## PROMPT
Everything from the line holding "นางพรสวรรค์ สมาน หัวหน้าสำนักงานกองทุนฟื้นฟูและพัฒนาเกษตรกร" to the last line of the material below must be retyped exactly, minus any pictures.
──────────
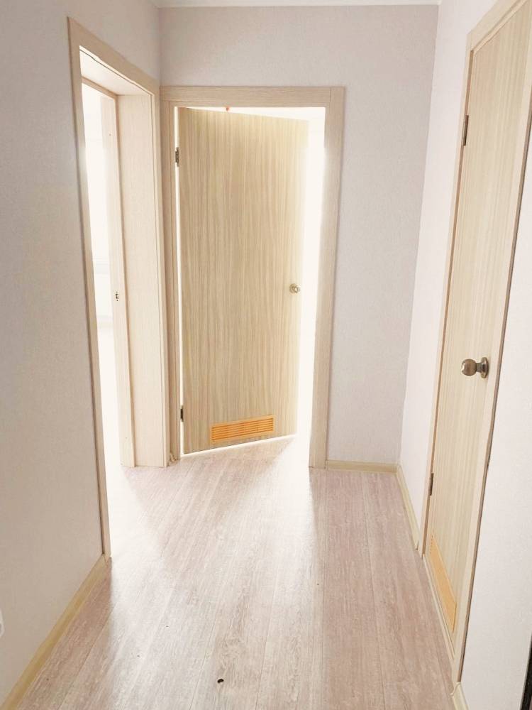 C ремонтом от застройщика. Линолеум, обои, натяжные потолки. Окна металлопласт. Один балкон, застеклен застройщиком. Санузел разделён, пол в санузле - керамогранит. На кухне умывальник. Сплит-система, мебель частично.
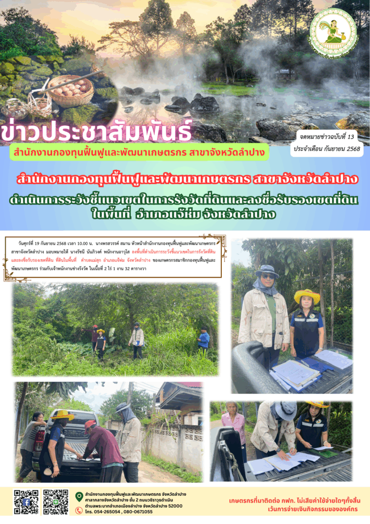 นางพรสวรรค์ สมาน หัวหน้าสำนักงานกองทุนฟื้นฟูและพัฒนาเกษตรกร สาขาจังหวัดลำปาง มอบหมายให้ นางรัชนี นันภิวงค์ พนักงานอาวุโส ลงพื้นที่ดำเนินการระวังชี้เเนวเขตในการรังวัดที่ดินและลงชื่อรับรองเขตที่ดิน ที่ดินในพื้นที่ ตำบลเเม่สุก อำเภอเเจ้ห่ม จังหวัดลำปาง ของเกษตรกรสมาชิกกองทุนฟื้นฟูและพัฒนาเกษตรกร ร่วมกับเจ้าพนักงานช่างรังวัด ในเนื้อที่ 2 ไร่ 1 งาน 32 ตารางวา
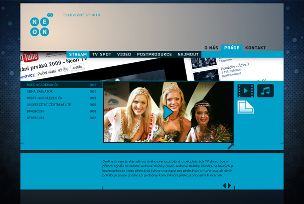 Návrh produktové microsite je založen na prodeji služeb, které toto kreativní televizní studio nabízí. Mezi ně mimo jiné řadí živé přenosy, videozáznamy, propagační videa, možnost pronajatí studia s technikou a další práce spojené s televizním prostředím.
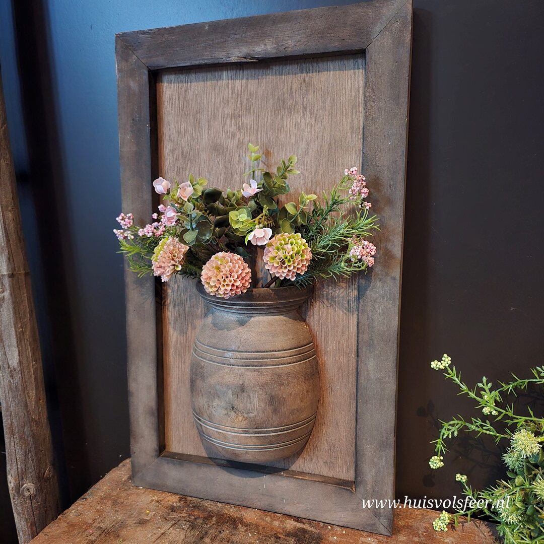 Dit houten wandbord met kruik is gevuld met een vrolijk boeketje van dahlia en pompom, gecombineerd met groen voor een frisse en natuurlijke uitstraling. De ronde bloemvormen geven het wandbord een speels karakter, terwijl het hout zorgt voor rust en warmte.
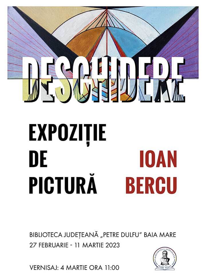 Biblioteca Județeană „Petre Dulfu” organizează vernisajul expoziției de pictură intitulată „Deschidere” a pictorului băimărean Ioan Bercu. Este prima ieșire pe simeze în Maramureș a acestuia, cu o selecție în registrul geometric și abstract. Expoziția catalogată va avea loc în Salonul Artelor, iar în Cabinetul Medaliilor vizitatorii vor avea acces la patru serii de format mic cu prezentare directă, în ziua vernisajului. În prima sa expoziție a anului, artistul deschide privitorilor o tehnică nouă în pasteluri geometrice. Expoziția va putea fi vizitată din data de 27 februarie până în 11 martie.
──────────
## RESPONSE TO THIS TASK
 นางพรสวรรค์ สมาน หัวหน้าสำนักงานกองทุนฟื้นฟูและพัฒนาเกษตรกร สาขาจังหวัดลำปาง มอบหมายให้ นางรัชนี นันภิวงค์ พนักงานอาวุโส ลงพื้นที่ดำเนินการระวังชี้เเนวเขตในการรังวัดที่ดินและลงชื่อรับรองเขตที่ดิน ที่ดินในพื้นที่ ตำบลเเม่สุก อำเภอเเจ้ห่ม จังหวัดลำปาง ของเกษตรกรสมาชิกกองทุนฟื้นฟูและพัฒนาเกษตรกร ร่วมกับเจ้าพนักงานช่างรังวัด ในเนื้อที่ 2 ไร่ 1 งาน 32 ตารางวา
 Návrh produktové microsite je založen na prodeji služeb, které toto kreativní televizní studio nabízí. Mezi ně mimo jiné řadí živé přenosy, videozáznamy, propagační videa, možnost pronajatí studia s technikou a další práce spojené s televizním prostředím.
 Dit houten wandbord met kruik is gevuld met een vrolijk boeketje van dahlia en pompom, gecombineerd met groen voor een frisse en natuurlijke uitstraling. De ronde bloemvormen geven het wandbord een speels karakter, terwijl het hout zorgt voor rust en warmte.
 Biblioteca Județeană „Petre Dulfu” organizează vernisajul expoziției de pictură intitulată „Deschidere” a pictorului băimărean Ioan Bercu. Este prima ieșire pe simeze în Maramureș a acestuia, cu o selecție în registrul geometric și abstract. Expoziția catalogată va avea loc în Salonul Artelor, iar în Cabinetul Medaliilor vizitatorii vor avea acces la patru serii de format mic cu prezentare directă, în ziua vernisajului. În prima sa expoziție a anului, artistul deschide privitorilor o tehnică nouă în pasteluri geometrice. Expoziția va putea fi vizitată din data de 27 februarie până în 11 martie.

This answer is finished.